Rika had been instructed not to ask Amy about her father, and she’d been ready to comply—but that was before they’d been attacked by multiple enemies and lost their off-world transport.
As far as she was concerned, any intel was good intel. It wasn’t as though the team was going to spill the beans to anyone out on Faseema.
“Who is your father?” Rika asked.
Still wearing her helmet, Rika could see a frown settle on Amy’s forehead without having to turn.
“You don’t know?” the girl asked, then glanced at Leslie. “You said you worked for him?”
Rika shook her head. “No, he hired us, but we never met him. It was all done through an intermediary.
“I don’t understand…” Amy said. “I assumed you were all out of uniform because this isn’t one of his worlds, and you were hiding.”
Barne chuckled. “Well, that second part is true, at least.”

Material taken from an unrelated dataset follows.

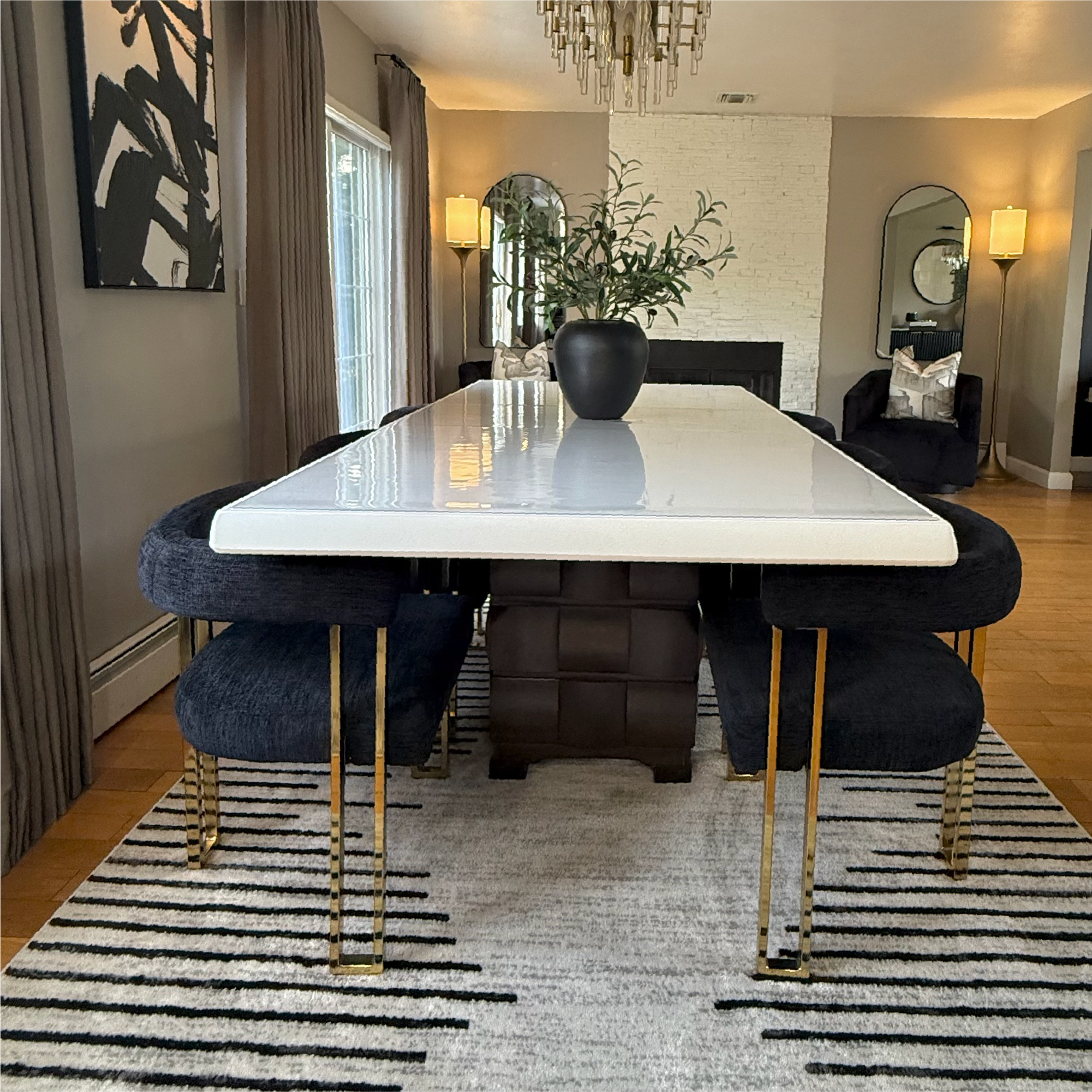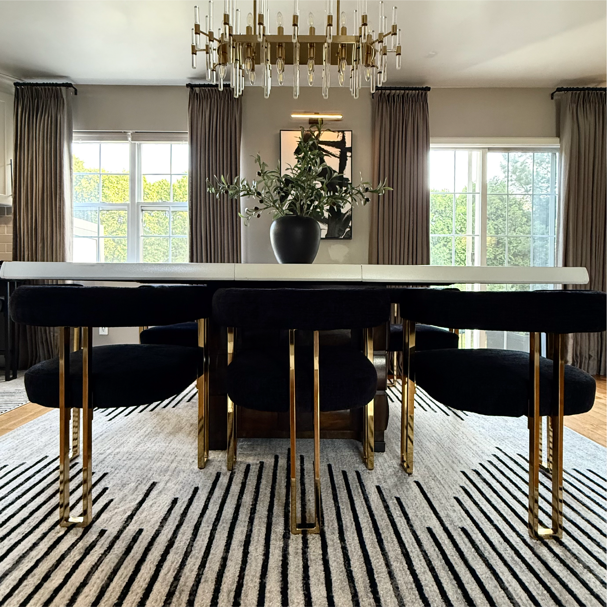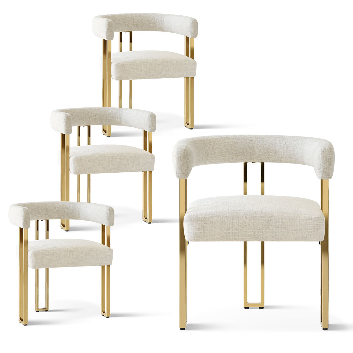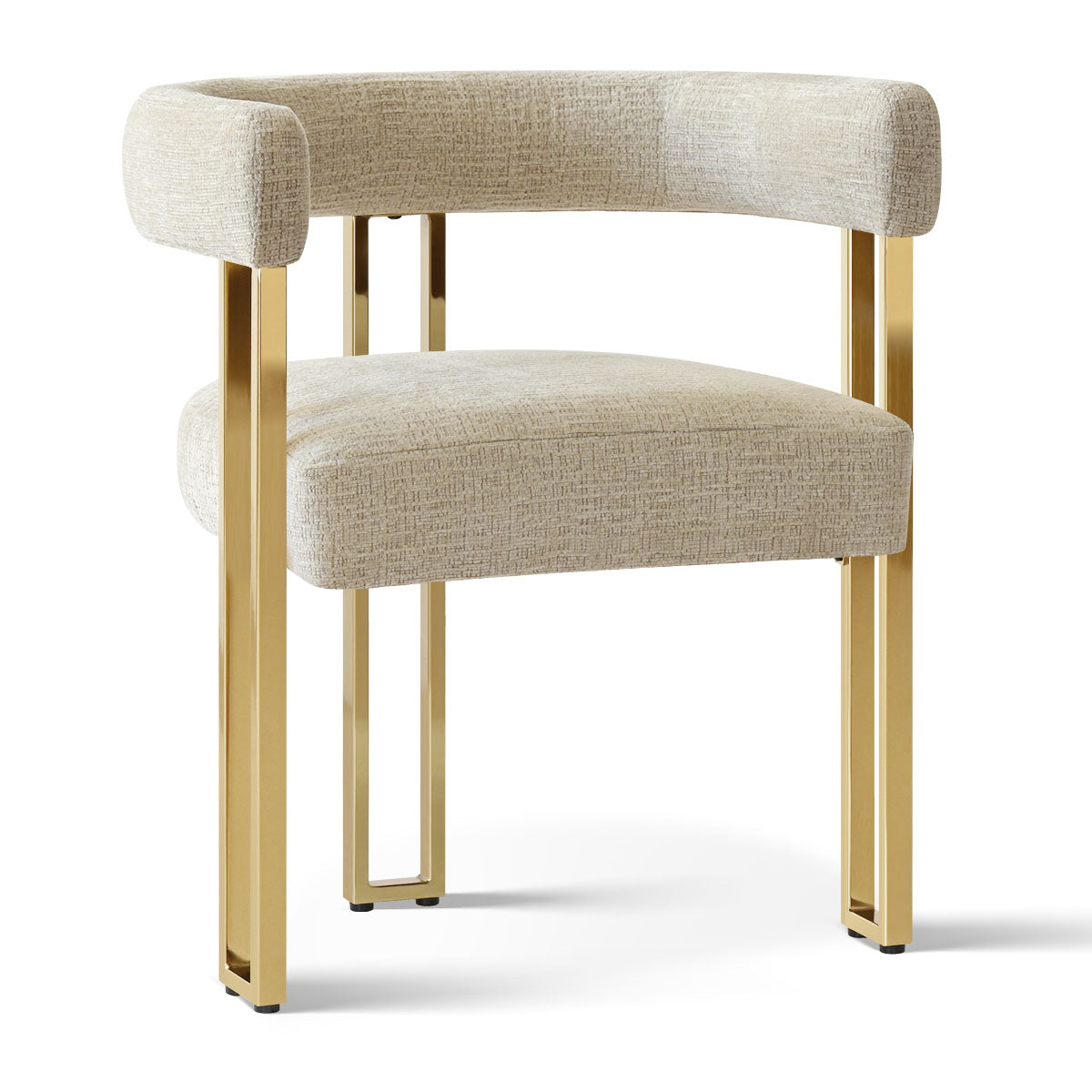 Elevate your dining space with these modern chairs that seamlessly blend style and functionality. Their low-profile design slips easily under your table, keeping the area neat and spacious. A polished gold metal frame, supported by three distinctive sled-inspired legs, adds a touch of refined elegance.Meanwhile, the wooden seat and back are upholstered in soft chenille fabric with foam padding, ensuring luxurious comfort and reliable support for up to 260 pounds per chair. Plus, they’re easy to assemble.
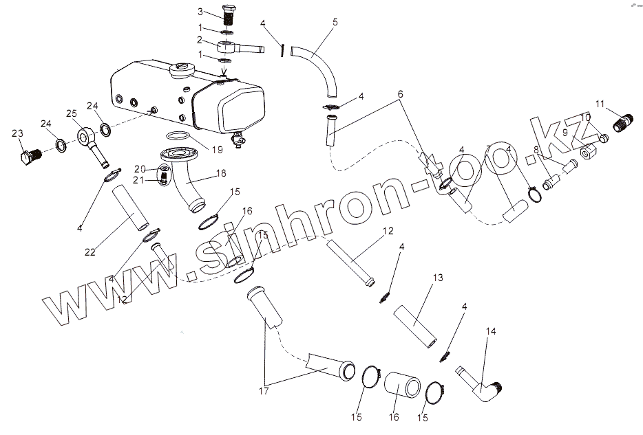 Каталог запасных частей к технике: МЗКТ-7930-200. Подсоединение трубопроводов к расширительному бачку

Amy’s words narrowed down Rika’s list of suspects. There weren’t a lot of men on this side of the cluster who were said to possess worlds; though there were a few, one stood out.
“Your father is Stavros,” Rika stated after a moment’s consideration.
A look of consternation passed over Amy’s face. Rika suspected that she had been instructed not to share that information in the event of capture—and by the look in the girl’s eyes, she was now wondering if she had been captured anew.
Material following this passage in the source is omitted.